Llamaron al proyecto DIME: decisiones informadas sobre medicamentos y otras tecnologías médicas de alto impacto financiero. Y le asignaron el rótulo de “bien público regional”, que no es otra cosa que un bien o un servicio que debe ser producido y consumido de manera colectiva para el beneficio de las mayorías.

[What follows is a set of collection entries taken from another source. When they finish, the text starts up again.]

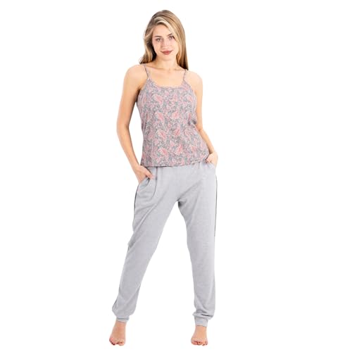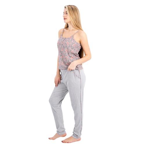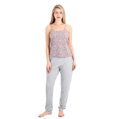 ZECOTEX - طقم بيجامة قطن للنساء | بلوزة مطبوعة بدون اكمام وسروال بقصة مريحة | ملابس نوم ناعمة وجيدة التهوية للمنزل والاسترخاء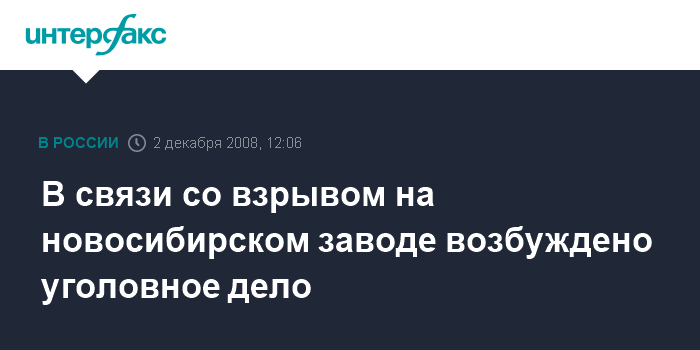 Москва. 2 декабря. INTERFAX.RU - По факту взрыва на Новосибирском заводе искусственного волокна в Искитиме, унесшем жизнь одного человека, возбуждено уголовное дело.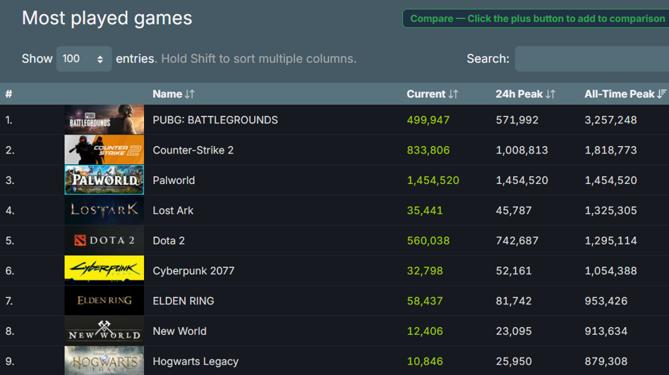 Według danych Steam, w grę jednocześnie grało 1,454 mln graczy, co uczyniło ją trzecią najlepszą pod tym względem w historii statystyk platformy. „Palworld” prześcignął tym samym „Cyberpunka 2077”, który na liczniku jednocześnie grających w swojej historii miał nieco ponad 1,05 mln graczy. Najnowszy hit Steam został także drugim najchętniej granym płatnym tytułem w historii platformy, zaraz za „PUBG Battlegrounds”, zanim ten przeszedł na model free-to-play.
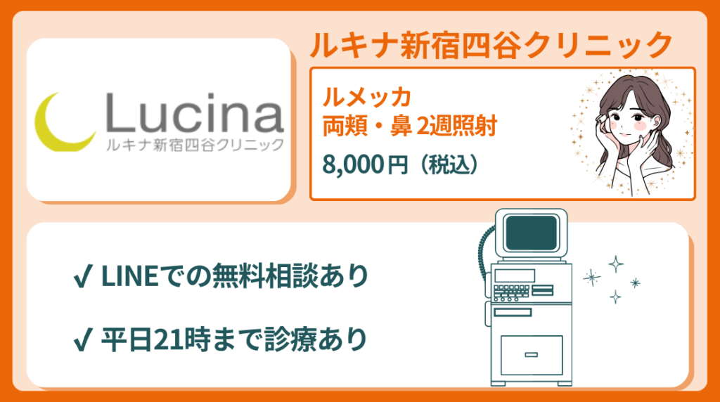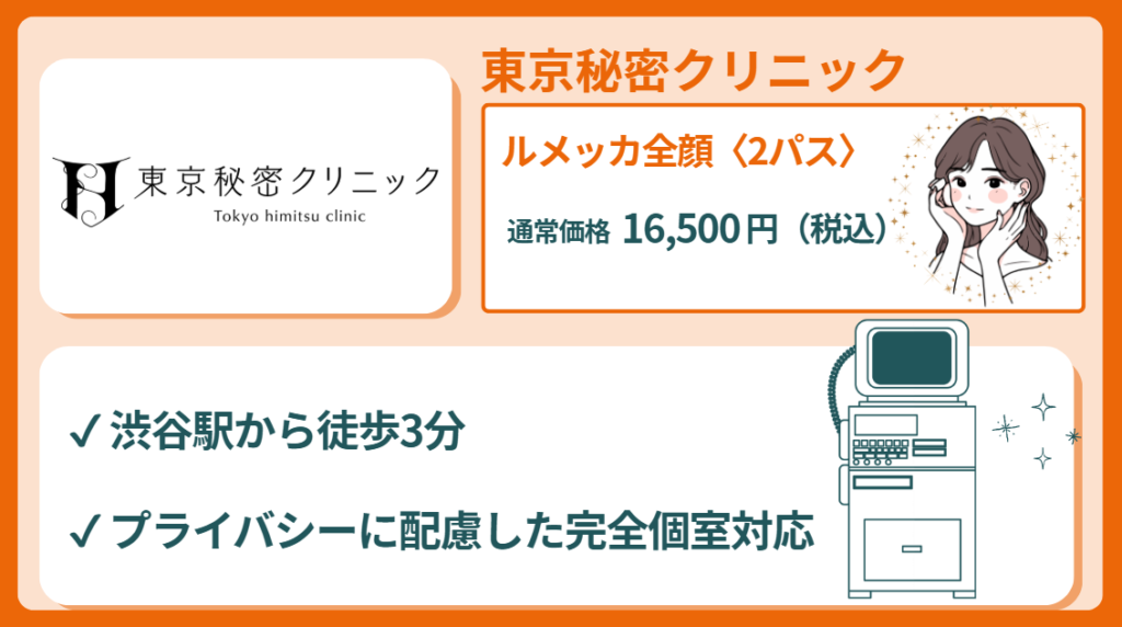 ルメッカも初回27,500円(税込)で始められるほか、看護師照射・医師照射が選べるなど、東京美容外科ならではの診療体制が特徴です。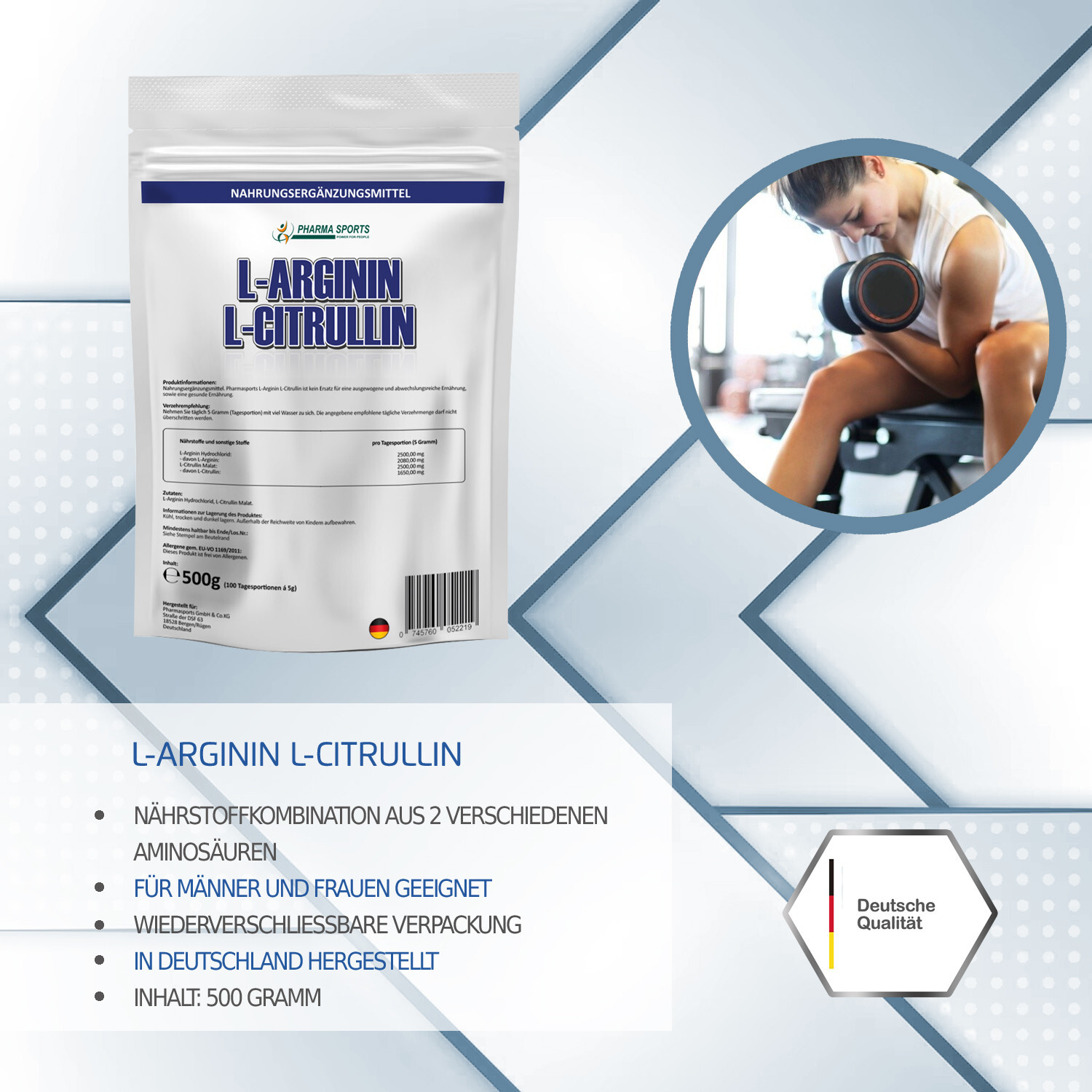 L-CITRULLIN: L-Citrullin greift in der Stickstoffsynthese an und fördert diese. Sie kommt oftmals in Kombination mit L-Arginin zum Einsatz.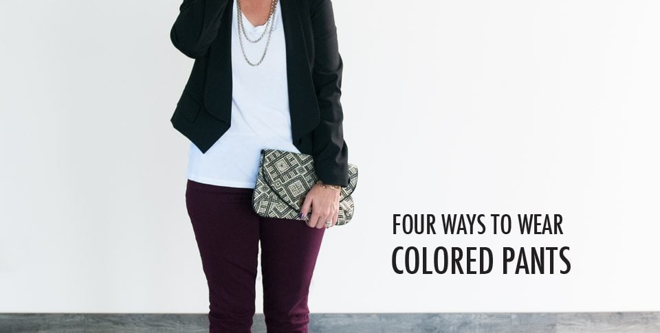 Just like this! Here are four ways to wear purple jeans, but you can substitute for any colorful denim you’d like to.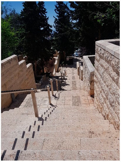 The highest mean scores of safety risk indicators for the different sections found to be: windows and bars (8.2), static and dynamic nuisances (7.5), wirings (7.0), hallways (6.9), doors and railings (6.7) (Figure 4). Figure 5 and Figure 6 demonstrate examples of typical safety hazards in sports ground and exterior cladding, respectively: lack of safety fixtures and poor maintenance of sport ground (Figure 5a,b, respectively) and deteriorated and poorly maintained exterior stone (Figure 6a,b, respectively).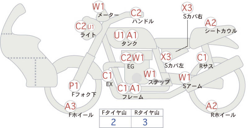 Красным маркером на схеме отмечаются места косметических повреждений.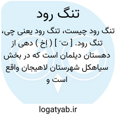 تنگ رود. [ ت َ ] ( اِخ ) دهی از دهستان دیلمان است که در بخش سیاهکل شهرستان لاهیجان واقع است و 136 تن سکنه دارد. ( از فرهنگ جغرافیایی ایران ج 2 ).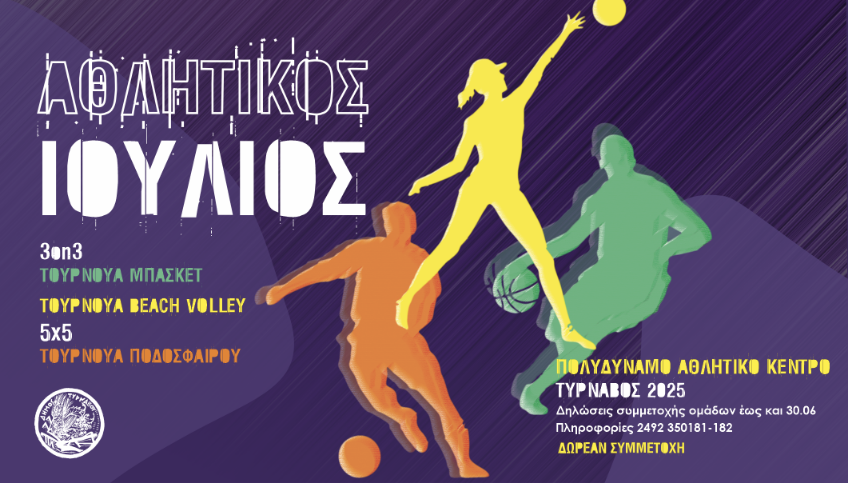 Ο Δήμος Τυρνάβου επενδύει σταθερά σε δράσεις που ενισχύουν τη μαζική άθληση, ιδιαίτερα στη νεολαία, και προάγουν το ομαδικό πνεύμα και την κοινωνική συνοχή. Σας περιμένουμε όλους να συμμετέχετε ενεργά, είτε ως αθλητές είτε ως θεατές, σ’ έναν μήνα γεμάτο κίνηση, ζωντάνια και αθλητικό πνεύμα.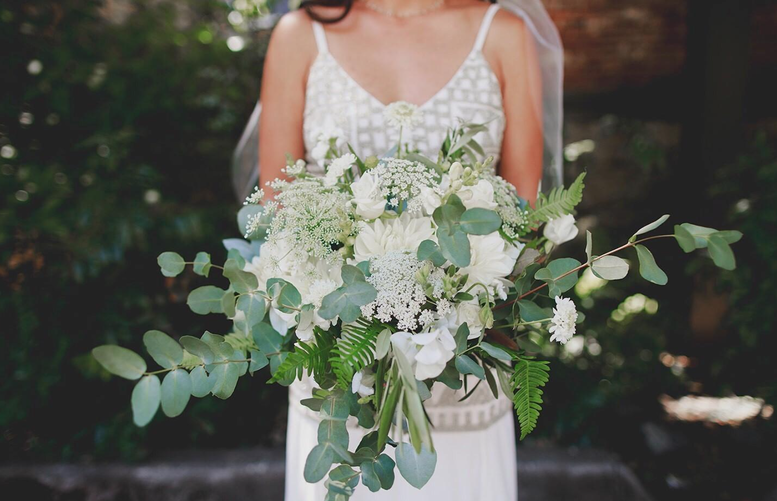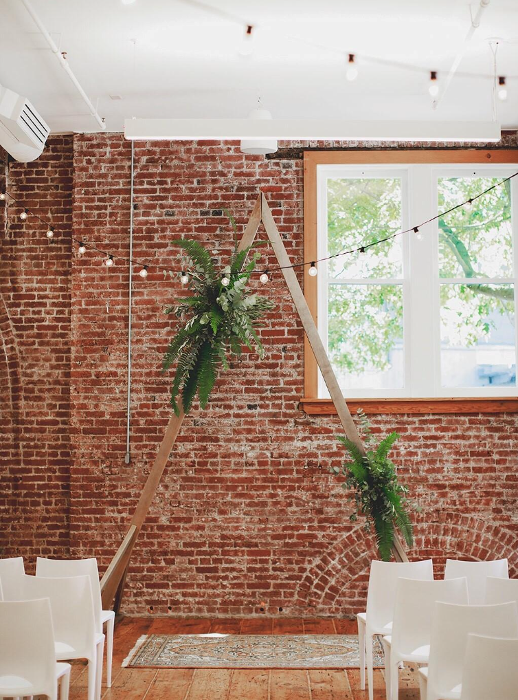 Teresa and Tyson's style was a foliage forward celebration to bring the outside in at Irving Street Studios. We designed with fern, eucalyptus, and olive alongside dahlias, sweet peas, Queen Anne's lace, and snapdragon for a forested-feel.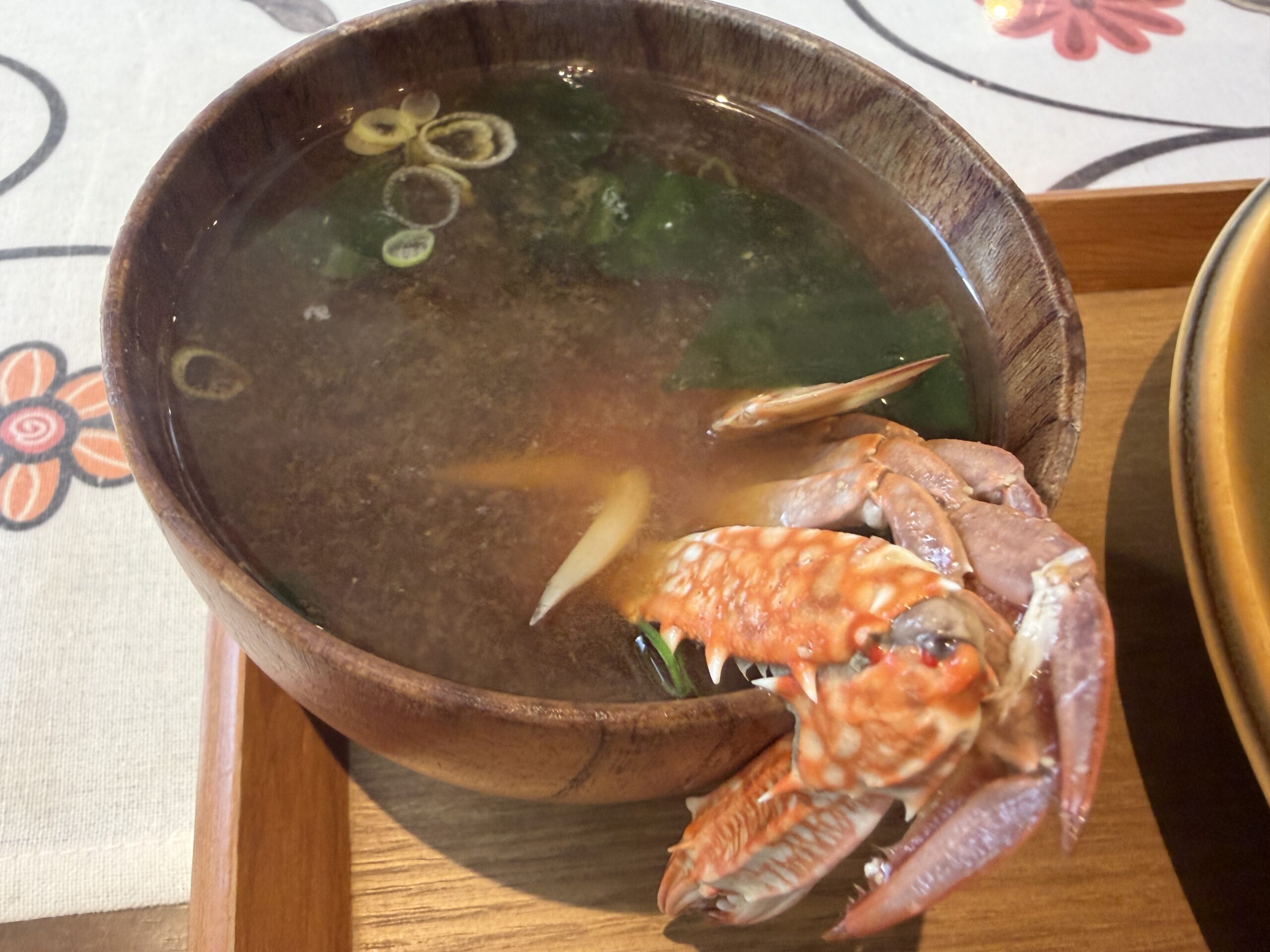 汁物は「すまし汁」と思っていたのですが、どう見てもいつもの蟹の味噌汁のようです。蟹を皿に避けて啜ってみるとやはりいつもの蟹の味噌汁でした。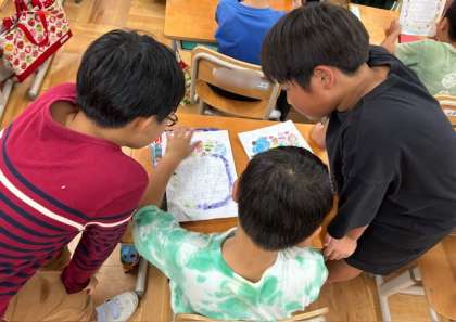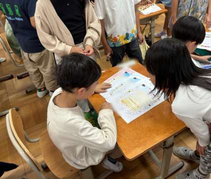一年生の横でお手紙を一緒に読んであげています。良い姿に心が温まりました。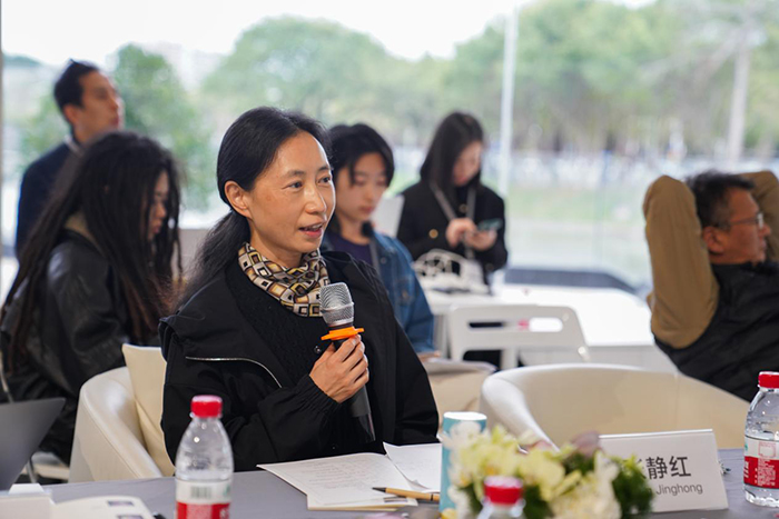 广州美术学院美术馆常务副馆长陈晓阳在总结发言中回顾了下半场论坛中嘉宾的讨论要点,强调了学科交叉与概念交织的重要性。陈晓阳还介绍了广州美术学院在教学改革中的尝试,包括实地调研方法的引入和跨学科课程的探索。她提到学校正在尝试将美术学科内部的专业打通,以应对人工智能时代的挑战,并强调视觉表达需要超越传统的象征手法,深入理解景象背后的社会结构。她呼吁在不同知识领域的碰撞中寻找新可能性,以视觉表达揭示社会现象的本质。

Pero todo esto era la parte burocrática. En esencia, lo que estaba sucediendo era el inicio de una historia de expertos que decidían librar una batalla para detener los abusos en los precios altísimos de los medicamentos. La historia de un grupo de farmacéuticos, epidemiólogos y médicos que salen de las aulas para pelear en otro terreno menos amable y seguro, como es el campo de la política, esa dimensión en donde hombres y mujeres bien vestidos se pasan la vida dando discursos solemnes, representando intereses y discutiendo entre ellos, muchas veces sin llegar a ninguna parte. Es una historia de poder difícil de contar porque se esconde tras un lenguaje técnico que pocos privilegiados pueden entender. Pero es una historia que finalmente nos involucra a todos, porque tarde o temprano las enfermedades nos alcanzan y en ese momento, cuando nuestra vida depende de una inyección o de un tratamiento farmacológico, necesitamos del medicamento exacto y la dosis adecuada para sobrevivir. Y es en ese instante cuando las grandes decisiones que se toman a nivel gubernamental, esas decisiones en mayúsculas que por lo general las personas de a pie no se enteran, terminan siendo cruciales y determinantes.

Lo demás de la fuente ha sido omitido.